Opponents of the proposed measure, which include driver groups, civil rights organizations, consumer advocates and others, had lined up to fight the proposal from last year, saying they wanted to prevent a repeat of what it happened in California, where companies spent more. more than $ 200 million to approve its election measure. It is estimated that there are more than 100,000 application-based concert workers in Massachusetts.

“Millions of Massachusetts drivers, passengers and taxpayers can rest assured knowing that this unconstitutional offer by Big Tech CEOs to manipulate Massachusetts law has been overturned by the Supreme Court,” said Wes McEnany, campaign manager of “Massachusetts is not for.” sale “, in a statement on Tuesday. “We commend the court for doing well on this issue and will remain vigilant and united in the face of any further attempts by Big Tech to reduce worker and consumer protection in Massachusetts or beyond.”

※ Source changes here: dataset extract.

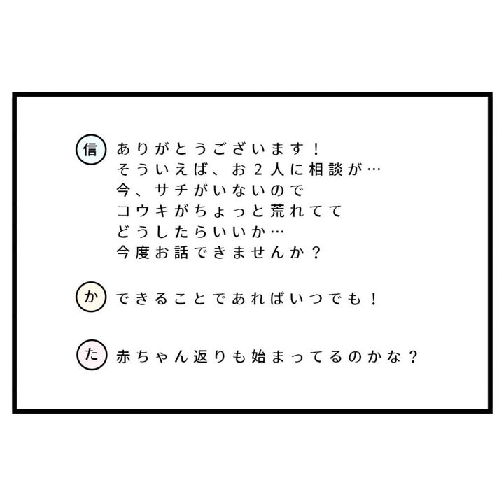 信也さんは慣れた手つきでスマホを操作し、「今サチがいないのでコウキがちょっと荒れててどうしたらいいか・・・今度お話できませんか?」と続けてメッセージを送ります。それを見たママ友たちは「できることがあればいつでも!」「赤ちゃん返りも始まってるのかな?」と親身になって話に応じてくれました。

Uber, Lyft and DoorDash postponed comment to the concerted coalition, which released a statement saying opponents of the measure denied Massachusetts voters the right to intervene on the issue. Instacart has not returned any comment requests.

“The future of these services and the drivers who earn with them is now in jeopardy, and we expect the legislature to be on the side of 80% of drivers who want flexibility and remain independent contractors while having access to new benefits,” he said. said a spokesman for the coalition of companies in a statement. The coalition has often cited industry-backed surveys that say most application-based workers prefer to be independent contractors.

See: From the treatment of gig workers to tip transparency, the application-based economy could see key changes in 2022

Concert companies are waging different types of battles in different places over the classification of workers, pay and profits. In April, Uber and Lyft achieved their first statewide legislative victory in Washington state, where they achieved a different category of workers for their drivers that does not reach the classification of employees. In May, Seattle passed a minimum wage ordinance for delivery drivers and other concert workers. Uber, DoorDash and Instacart opposed the ordinance.